FAQ

• Is Leigh’s Bees honey raw?

Yes. However, Leigh’s Bees hasn’t previously used the word ‘raw’ on labels because there was a risk of prosecution from Trading Standards – they didn’t believe there was a difference between ‘proper’ artisanal raw honey such as ours and the horrid cheap (and often fake) gloop masquerading as honey in supermarkets. A judgement was made on 26th Feb 2024 in favour of a company using the word ‘raw’ on their labels (click here), so going forwards, we will be labelling our honey as raw where appropriate. The exception will be the Ivy honey, which because it sets hard in the hive, has to be melted off the comb. This process brings the honey to temperatures which compromise some of the enzymes within the honey. Ivy honey is however awesome and is really worth a try if you haven’t had it before. 

• Why is the production method so important?

Bees create honey as an active substance containing beneficial enzymes. These enzymes are not affected by gentle warming to enable bottling. At Leigh’s Bees we bottle most of our honey at the time of extraction. We simply pass it through a coarse sieve to remove pieces of wax and natural detritus. Good quality, unprocessed honey stored in bulk is likely to set over time. It needs gentle warming to facilitate bottling.

• Is the honey pasteurised?

We do not heat-treat any of our honey (ivy is the exception), other than very gentle warming if necessary when bottling. Warming temperatures are carefully monitored so as not to destroy the natural enzymes in the honey.

• How is the honey extracted from the comb?

Once the frames of honey arrive at the Honey House they are maintained at hive temperature for a day until we spin the honey out. We do that using a rapidly rotating centrifuge which throws the honey out of the combs.

• What is the shelf life of the honey?

Still edible honey has been found in Egyptian tombs. We only put a best before date on the label because the Food Standards Agency demands it.

• Do you feed the bees?

They usually go in to winter with enough stored honey to thrive. We prefer them to overwinter on their own honey, but when weather conditions are such that there is no choice, they are fed sugar either as a liquid in the autumn, or fondant in the winter/spring.

• My clear honey has turned thick, or has crystallised. What can I do?

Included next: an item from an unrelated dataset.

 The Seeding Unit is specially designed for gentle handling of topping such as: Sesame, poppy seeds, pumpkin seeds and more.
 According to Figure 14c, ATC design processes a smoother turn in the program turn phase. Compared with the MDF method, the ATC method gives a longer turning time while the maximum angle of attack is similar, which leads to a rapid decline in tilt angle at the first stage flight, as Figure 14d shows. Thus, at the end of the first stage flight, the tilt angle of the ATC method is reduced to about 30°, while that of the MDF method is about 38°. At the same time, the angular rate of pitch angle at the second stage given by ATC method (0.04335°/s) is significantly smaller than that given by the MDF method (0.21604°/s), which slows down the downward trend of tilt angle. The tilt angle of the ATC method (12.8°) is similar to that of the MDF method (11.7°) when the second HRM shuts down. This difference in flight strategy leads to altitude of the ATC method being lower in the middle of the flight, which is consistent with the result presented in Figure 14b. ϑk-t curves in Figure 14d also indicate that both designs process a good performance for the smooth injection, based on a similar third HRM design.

This is a completely natural process and the honey remains perfectly edible and delicious. If, however, you prefer clear honey, simply warm the honey very gently by standing the jar in a saucepan of hot water until it has cleared. This is not an instantaneous process. Beware over heating which can spoil the scent and flavour of the honey and damage the enzymes within.

• Why does honey crystallise?

Pure, raw and unheated honey, like ours, has a natural tendency to crystallise over time, with no adverse affect on the honey. Some honeys will crystallise uniformly, whilst others will form two layers, with liquid honey sitting on top of a crystallised layer. The two principal natural sugars in honey are fructose and glucose. The balance of these two natural sugars causes the crystallization, and the relative percentage of each determines whether it crystallizes rapidly or slowly – the more rapidly the process occurs, the finer the texture will be, and the paler the colour. What crystallizes is the glucose, due to its lower solubility. Fructose is more soluble in water than glucose and will remain fluid.

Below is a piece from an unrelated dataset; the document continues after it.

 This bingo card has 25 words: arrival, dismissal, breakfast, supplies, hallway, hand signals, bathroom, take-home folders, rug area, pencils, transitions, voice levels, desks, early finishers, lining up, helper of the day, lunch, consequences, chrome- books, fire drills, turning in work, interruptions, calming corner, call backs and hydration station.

• Why is your honey so much more expensive than supermarket honey?

Our prices reflect the care, effort and time invested to bring you a superior, natural product, just as the bees made it. We keep each apiary’s nectar flows separate, rather than blending.

The majority of supermarket honeys are: “produce of EU and non-EU countries” – basically a blend of honeys from around the world, mixed to keep uniformity of taste and texture. Supermarket honeys tend to be pasteurised and have little or no enzyme activity within. In recent years there has also been an influx of ‘fake honey’, information about which can be readily found on the internet.